As Aggy could only make it in the beginning of January (I was still in Bali until January 6th), I deliberately set the date to the 5th so that it would be a closing for my Bali trip. It was going to be great because the weather had been (surprisingly) great after Christmas. Since I landed at Ngurah Rai Airport on December 17th, it had been raining until Christmas; then after I walked out of church it was sunny…

Certainly we were aiming for sunrise, so we had to start our trip from Denpasar in the midnight. I booked a car from one of my aunt’s relative and we had a bargain fare, IDR 400k all-in (driver, petrol, car) for 12 hours. We started from Denpasar exactly at the midnight, to avoid any possible delay that might have happened. At the end nothing happened, and we managed to arrive at Kintamani at around 1.30 AM. Too early, huh?

My driver then asked me if I needed a guide. I had called a guide whose contact I got from a blogger, and he told me that actually locals are not required to hire a guide – even if it is needed, the fee is voluntary. Personally I was quite confident that I did not actually need a guide, but I understand how sacred many places in Bali are (and I don’t want to play around with that), plus the good news I got from the guide I called, I told him to tell the guide to find me if he knew one.
So before we descent from Kintamani to Batur, I met the guide.

I was shocked.
He greeted me in English.
“Good night, Sir”
His English was surprisingly not that bad considering he is a villager. Without waiting for my reply, he continued. Still in English.
“So for this trip, we have 3 options……”
I waited until he stopped talking. I didn’t actually listen to what he was saying because I knew what I was expecting.
“Maaf, Pak, Bapak bisa bicara pakai Bahasa Indonesia kok” // “Sorry, Sir, but you can speak with Indonesian instead”
He looked surprised. But he still continued in English.
“Pak, saya orang Indonesia beneran kok. Bapak santai aja, kalau ngomong pakai Bahasa Indonesia juga lebih nyaman kan” // “Sir, I am indeed an Indonesian. Do not worry, if you talk in Indonesian it will be more comfortable right?”
“Oh maaf Pak, saya kira Bapak orang Singapur” // “Oh sorry Sir, I thought you are a Singaporean”

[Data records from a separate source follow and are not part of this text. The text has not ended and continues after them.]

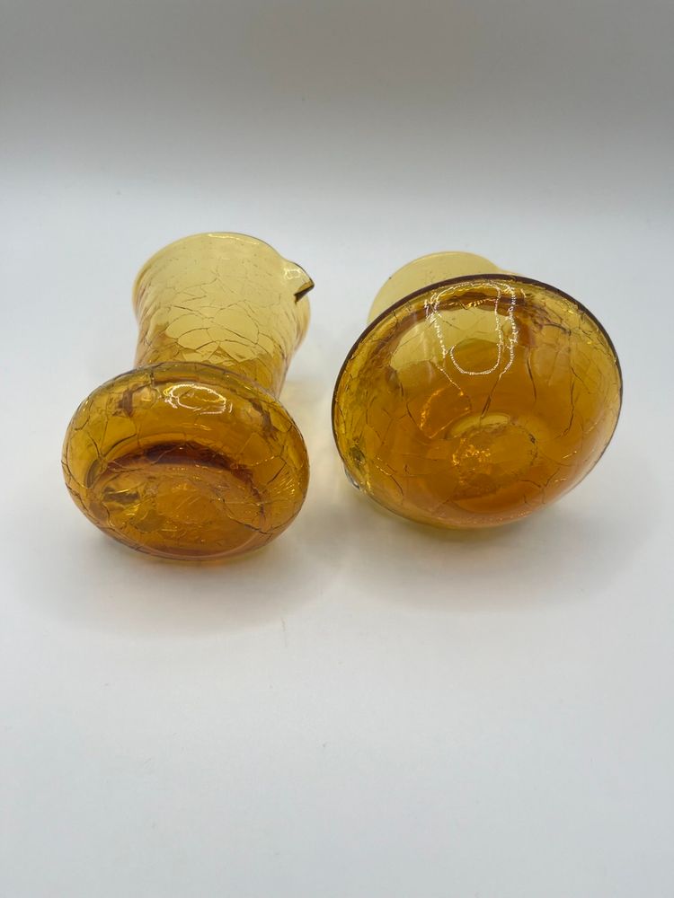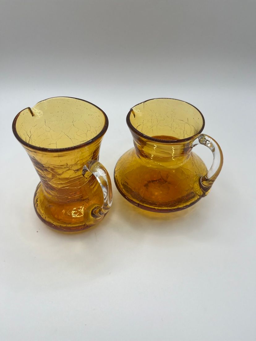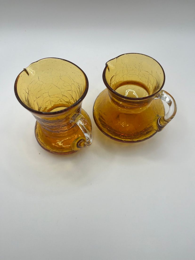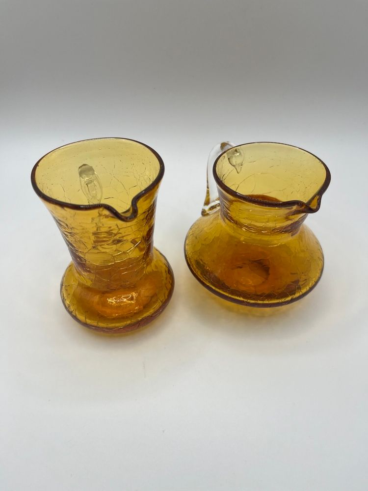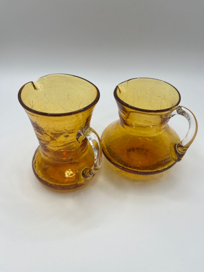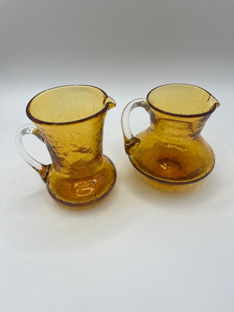 This is a set of two vintage amber crackle glass pitchers. Hand-blown glass and applied handles.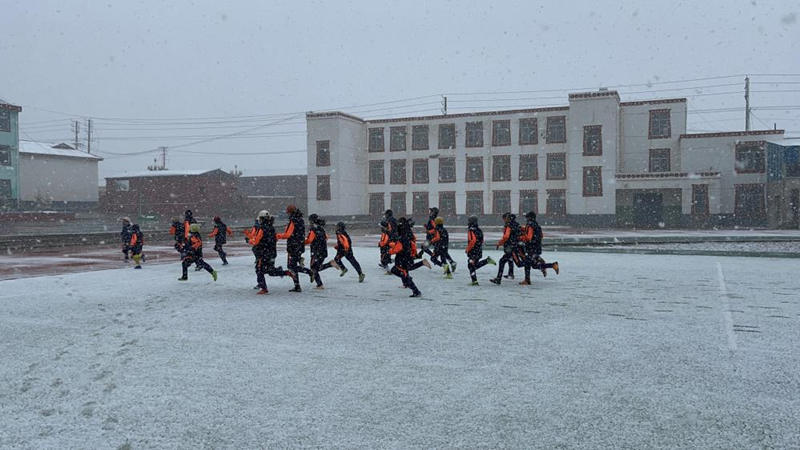 Miembros de un equipo de fútbol del condado de Qumalai entrenan en el clima frío. (Foto: Sun Hai)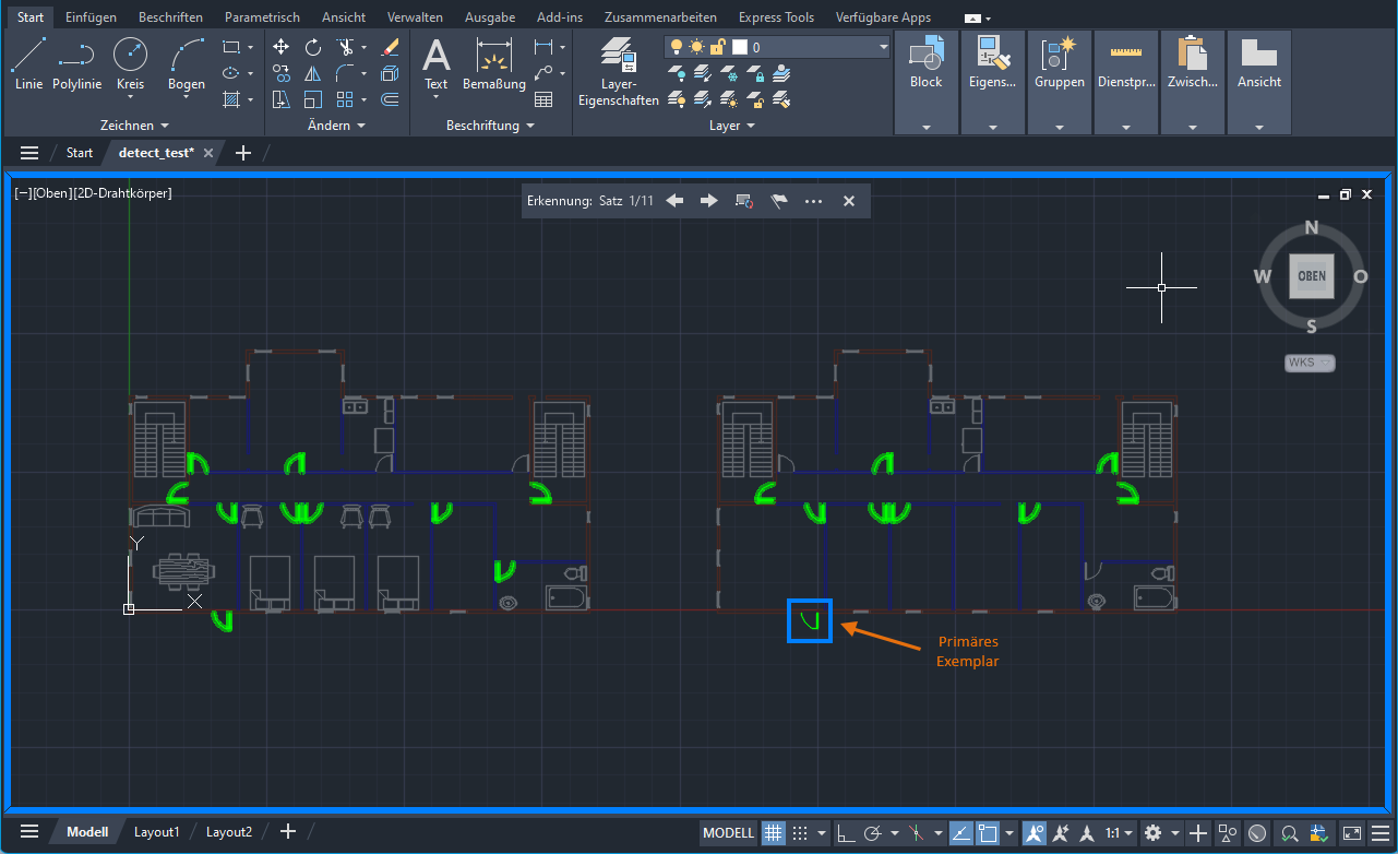 Im Überprüfungsmodus wird der Werkzeugkasten Erkennung oben im Zeichenfenster angezeigt. Dieser Werkzeugkasten enthält verschiedene Optionen zum Navigieren und Verwalten von Erkennungsergebnissen. Die Erkennungsergebnisse werden in Gruppen ähnlicher Objekte gruppiert. Ein Satz stellt eine Gruppe ähnlicher erkannter Objekte dar, die in Instanzen eines einzelnen Blocks konvertiert werden können.

This time I was the one who got shocked. With this face I am used to being thought as a Malay, Muslim, or even Burmese in Singapore; but now I was thought to be a Singaporean….. in my country (or to make it sounds more tragic, my mother’s hometown)?

After that, he looked awkward. I knew it, I saw the brochure he was keeping and it was meant for foreigners. He actually later did not talk normally as I think he did not expect this situation.

A bit concerned about the possibility of me being ripped off, my cousin came out of the car and joined the conversation. He straight away spoke in Balinese because well, it was always the ultimate weapon to shut every Balinese ripper up. The guide looked dominated, and he tried to end the conversation without any agreement so that he might ask for more later along the trip. “Nanti aja lah, gampang” (Let’s just talk about it later) is used eventually. I was actually fine if I had to pay as long as it made sense, I feel guilty to be a freeloader anyway.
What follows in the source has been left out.